Maria Cristina Ianiro
L'Organizzazione delle Nazioni Unite per l'alimentazione e l'agricoltura (FAO) ha designato il 16 ottobre come Giornata mondiale dell'alimentazione nel 1979.
L'obiettivo è quello di promuovere la consapevolezza e l'azione globale a favore di coloro che soffrono la fame e di sottolineare la necessità di garantire una dieta sana per tutti. Parlare di alimentazione nel 2023 significa altresì riflettere sugli impatti che la produzione di cibo ha sul nostro pianeta. Ciò che mangiamo e come viene prodotto influisce sulla nostra salute e sull'ambiente. Il cibo deve essere coltivato e trasformato, trasportato, distribuito, preparato, consumato e talvolta smaltito. Ognuno di questi passaggi crea gas serra che intrappolano il calore del sole e contribuiscono al cambiamento climatico. Circa un terzo di tutte le emissioni di gas serra causate dall'uomo è infatti legato al cibo.

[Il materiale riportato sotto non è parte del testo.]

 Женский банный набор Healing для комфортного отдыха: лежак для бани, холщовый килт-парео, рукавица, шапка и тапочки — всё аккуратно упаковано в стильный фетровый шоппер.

Uno degli obiettivi (e delle sfide) da raggiungere entro il 2050 è quello di far passare a un regime alimentare interamente
sostenibile, i quasi dieci miliardi di persone che si stima popoleranno il pianeta. Questo permetterà al contempo di ridurre le emissioni di gas serra e la perdita di biodiversità, incentivando un cambiamento concreto di destinazione d'uso dei terreni ad oggi utili al mercato dell'allevamento intensivo e prevenendo la perdita di servizi ecosistemici.

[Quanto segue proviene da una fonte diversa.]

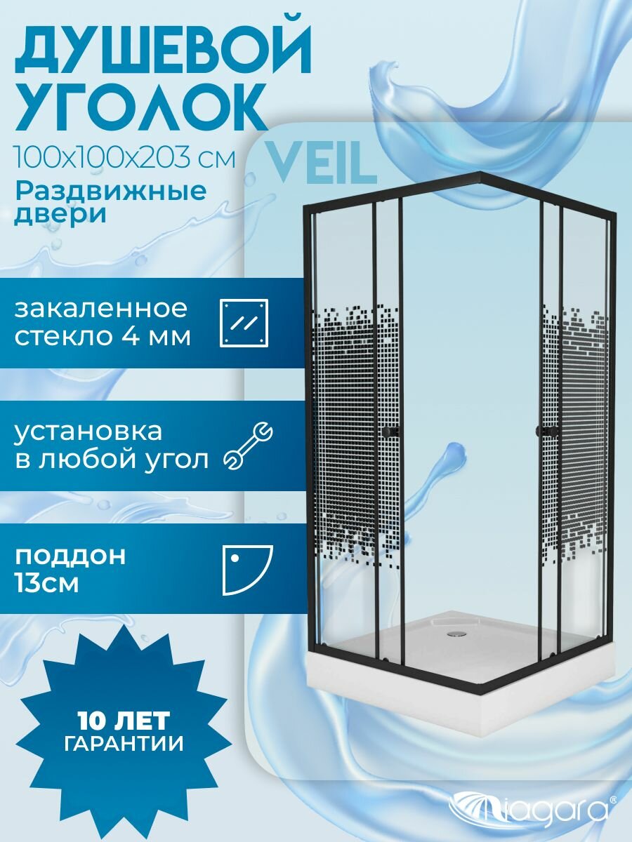 Душевой уголок с поддоном Niagara Veil (100х100х203) квадрат, раздвижные двери, мозаика, черный матовый профиль: сравнение цен, характеристики, фото, актуальное наличие и цены.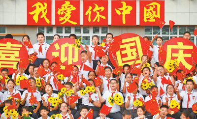河北省沙河市人民公園里花團(tuán)錦簇,上千名市民手持國旗、整裝列隊(duì),參加“慶雙節(jié)”跑步、徒步活動(dòng)。市民王力強(qiáng)說:“我們用綠色健康陽光的健身活動(dòng)來表達(dá)祝福,通過這種方式歡度雙節(jié),特別有意義!

Attualmente tutte le attività legate alla produzione di cibo contribuiscono a circa un terzo delle emissioni di gas serra prodotte sul nostro pianeta. Infatti, la maggior parte dei gas serra legati all'alimentazione proviene dall'agricoltura e dall'uso del suolo. Questo include, ad esempio:
Una parte più piccola delle emissioni di gas serra degli alimenti è causata invece da:
È facile intuire come diverse tipologie di alimenti hanno impatti altrettanto variabili sul nostro pianeta. Nello specifico, l’impatto climatico degli alimenti viene misurato in termini di intensità delle emissioni di gas serra. Questa viene poi espressa in chilogrammi equivalenti di anidride carbonica e tutti i gas serra.

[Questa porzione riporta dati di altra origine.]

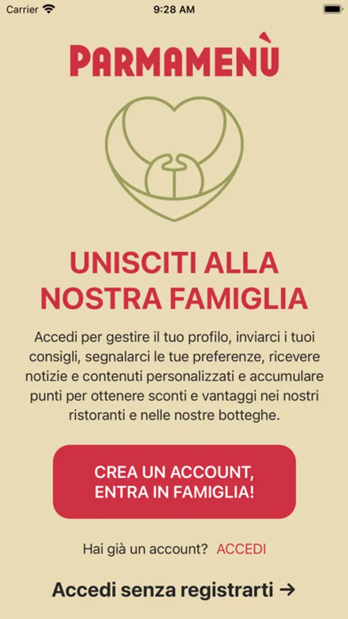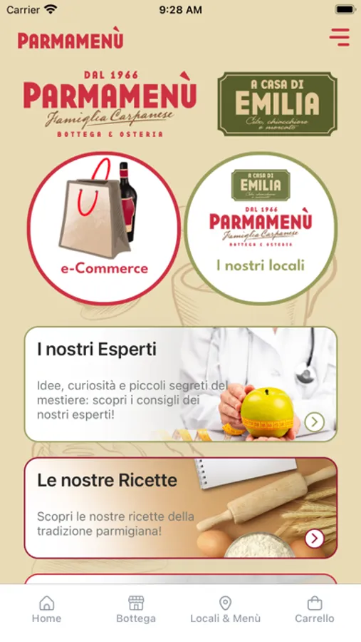 Parma Menù ti permette di consultare e acquistare i prodotti a catalogo, scoprire tutte nostre le botteghe e restare aggiornato sui consigli e le novità dei nostri esperti in tema di alimentazione! Grazie alla Fidality Card potrai ottenere sconti, promozioni e acquisire punti per poterli poi spendere nei nostri locali o negli acquisti on line.

Gli alimenti di origine animale, in particolare la carne rossa, i latticini e i gamberi d'allevamento, sono generalmente associati alle più alte emissioni. Questo perché la produzione di carne richiede spesso pascoli estesi, che solitamente, purtroppo, vengono creati abbattendo alberi, liberando anidride carbonica immagazzinata nelle foreste. Mucche e pecore, poi, emettono metano quando digeriscono erba e piante. Infine, i rifiuti del bestiame sui pascoli e i fertilizzanti chimici utilizzati per le colture destinate all'alimentazione del bestiame emettono protossido di azoto, un altro potente gas serra.
Per quanto riguarda invece gli allevamenti di gamberi, sovente occupano terreni costieri precedentemente coperti da foreste di mangrovie in grado di assorbire enormi quantità di carbonio.
Gli alimenti di origine vegetale - come frutta e verdura, cereali integrali, fagioli, piselli, noci e lenticchie - in genere utilizzano meno energia, terra e acqua, e hanno un'intensità di gas serra inferiore rispetto agli alimenti di origine animale.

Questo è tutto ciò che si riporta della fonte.